Ingredients:

  • 1 tablespoon olive oil (15 ml)
  • 1 pound Italian sausage, removed from casing (450g), sweet, hot or mild (your preference)
  • 1 medium yellow onion, chopped (about 1 cup) (150g)
  • 2 cloves garlic, minced (about 1 tablespoon) (6g)
  • 4 cups chicken broth (950 ml)
  • 2 cups water (475ml)
  • 1 teaspoon dried Italian seasoning (5ml)
  • ½ teaspoon red pepper flakes (optional) (2.5ml)
  • Salt and freshly ground black pepper to taste
  • 3 medium russet potatoes, peeled and cubed (about 4 cups) (600g)
  • 1 cup heavy cream (240 ml)
  • ½ cup grated Parmesan cheese, plus more for garnish (50g)
  • 2 cups chopped kale or spinach (100g)

Instructions:

  1. Heat olive oil in a Dutch oven or large pot over medium-high heat. Add the Italian sausage and cook, breaking it up with a spoon, until browned. Remove sausage from pot and set aside.
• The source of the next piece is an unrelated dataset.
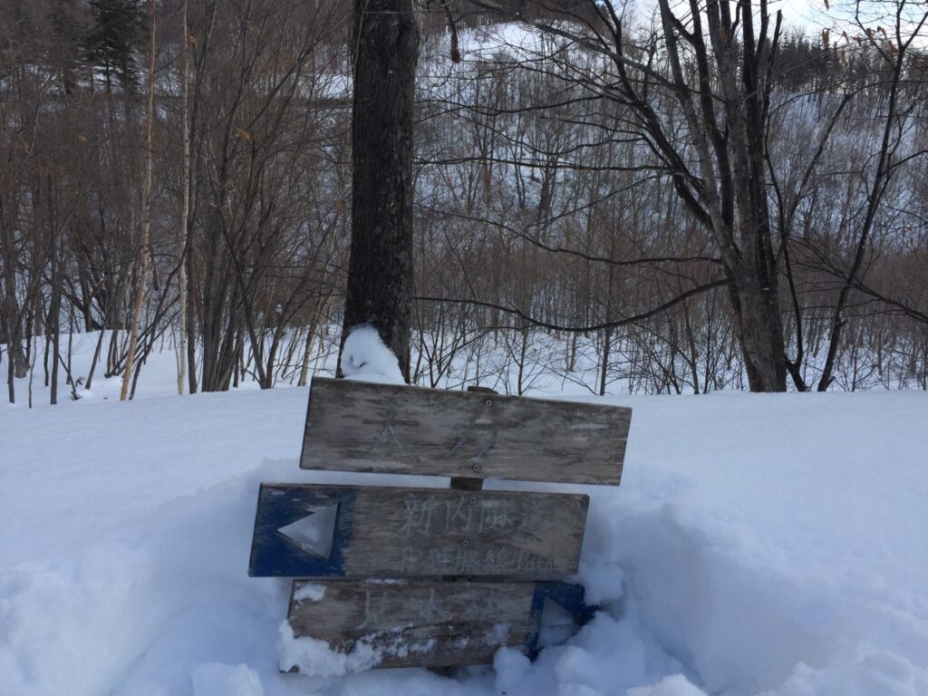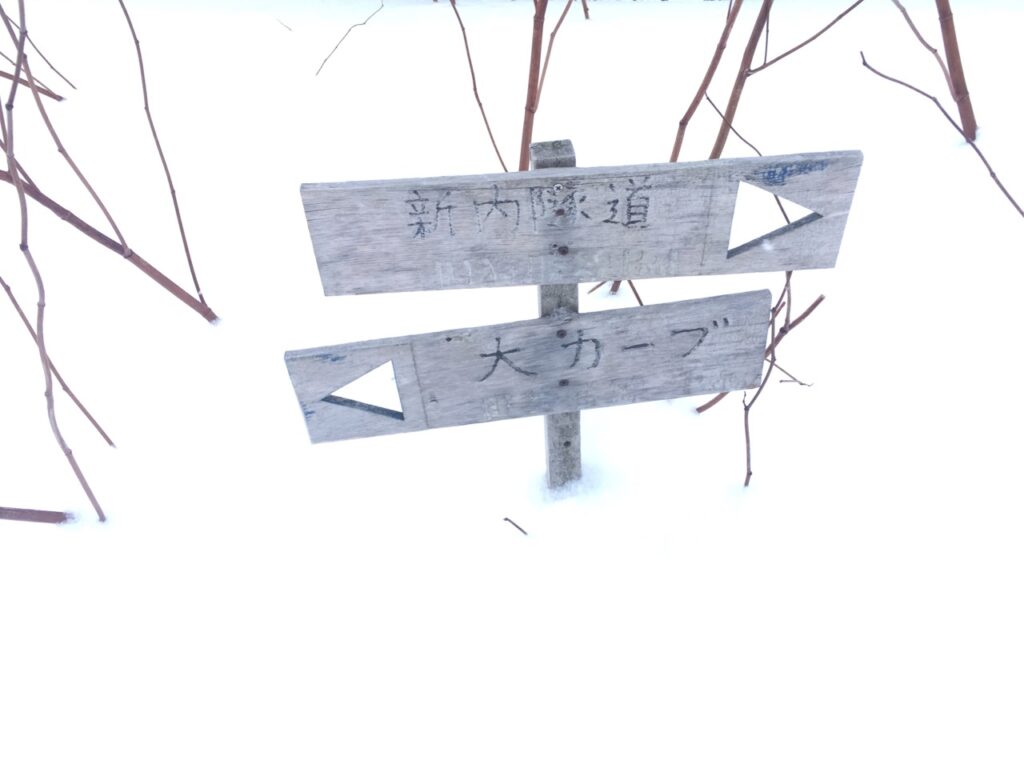 ▼十字路になっている。最短距離で新内隧道へ行きたいならば、ここを右へ登った国道38号の6合目からアクセスすると良い。
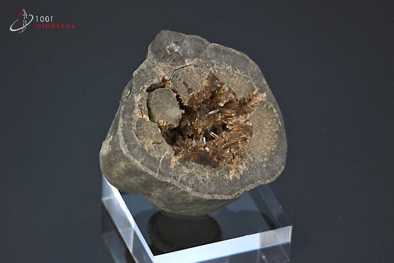 Spécimen d'une moitié de nodule de Septaria pole avec une cristallisation de Calcite.

Leave any rendered fat in the pot.
  2. Add the chopped onion to the pot and cook until softened, about 5 minutes. Add the minced garlic and cook for 1 minute more, until fragrant.
  3. Pour in the chicken broth and water. Stir in the Italian seasoning, red pepper flakes (if using), salt, and pepper. Bring to a boil.
  4. Add the cubed potatoes to the boiling broth. Reduce heat to low, cover, and simmer for 15-20 minutes, or until the potatoes are tender.
  5. Return the cooked sausage to the pot. Stir to combine.
  6. Stir in the heavy cream and grated Parmesan cheese. Heat through, but do not boil.
  7. Stir in the chopped kale or spinach. Cook until wilted, about 2-3 minutes.
  8. Ladle the soup into bowls and garnish with extra grated Parmesan cheese.